### Provided data
= = = = =
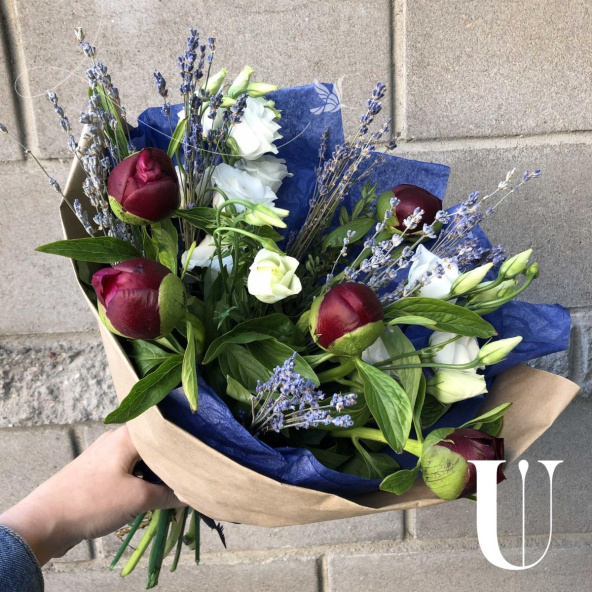 Пион - 5 шт. эустома - 4 шт. лаванда - 350 шт
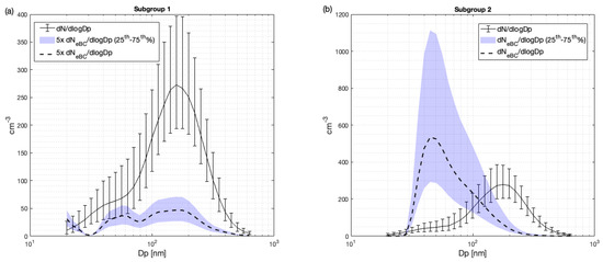 Comparison between observed particle size distributions (black solid) and inferred (black dashed) distributions assuming external mixtures for Subgroup 1 (a) and Subgroup 2 (b). For Subgroup 1, the inferred is multiplied with the factor 5 to show the distribution shape more clearly. The blue shaded area and error bars represents the lower and upper quartiles of the distributions.
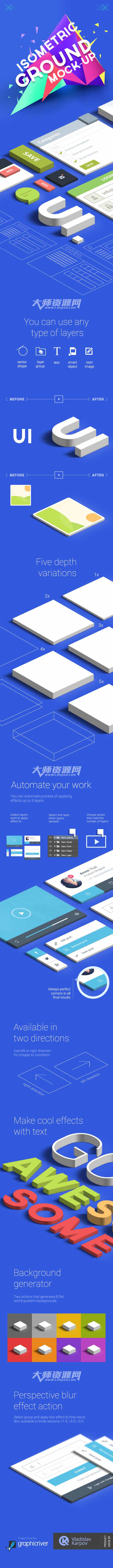 PS动作-等轴堆叠:Isometric Ground Mock-UP Actions
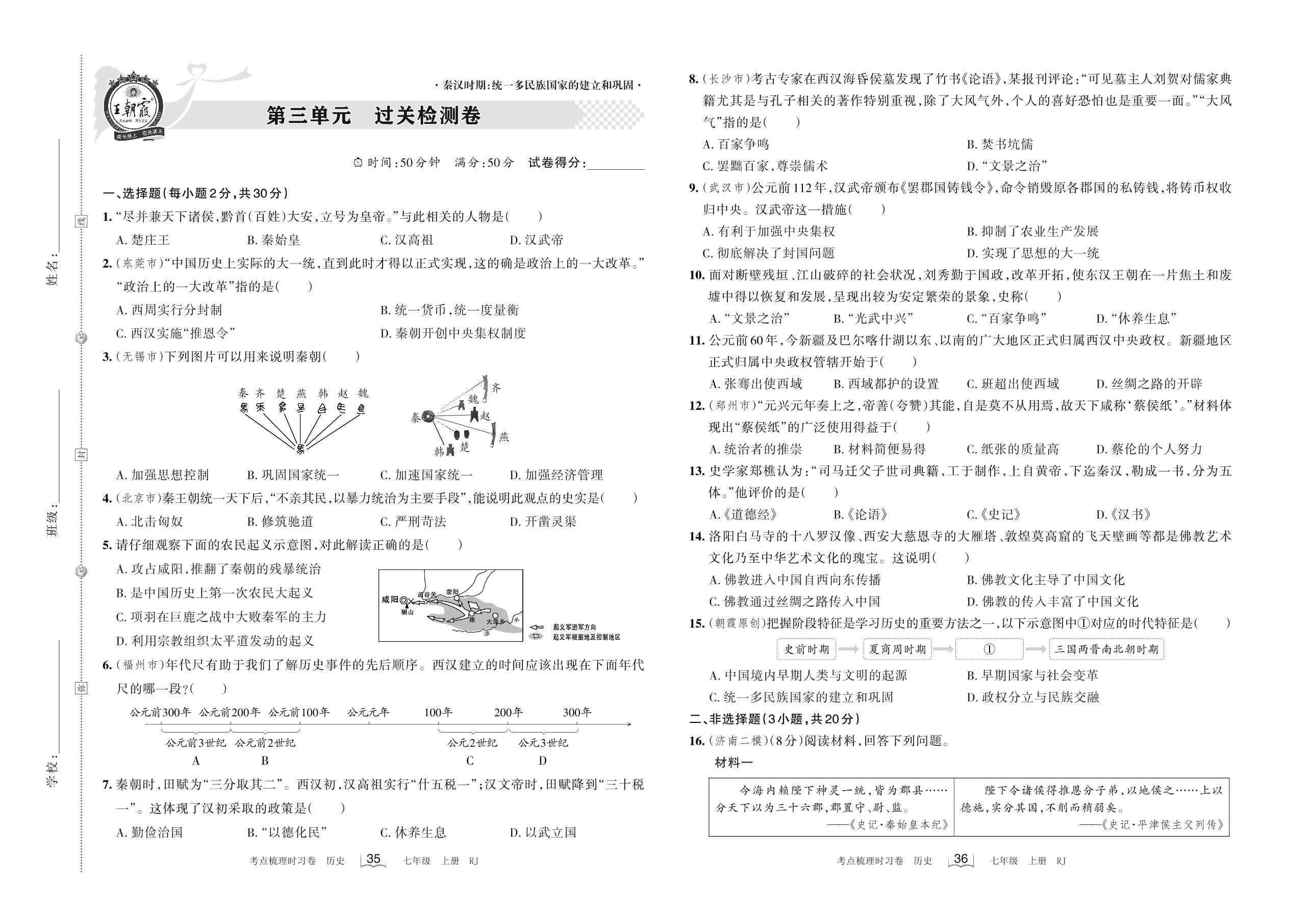 2022上册七年级历史人教版 第三单元 过关检测卷
= = = = =
### Exercise brief
Everything from the line with "PS动作-等轴堆叠:Isometric Ground Mock-UP Actions" through the end of the listing above, both ends included, should be set down exactly; copy nothing else, and skip the pictures.

### Result of the exercise
 PS动作-等轴堆叠:Isometric Ground Mock-UP Actions
 2022上册七年级历史人教版 第三单元 过关检测卷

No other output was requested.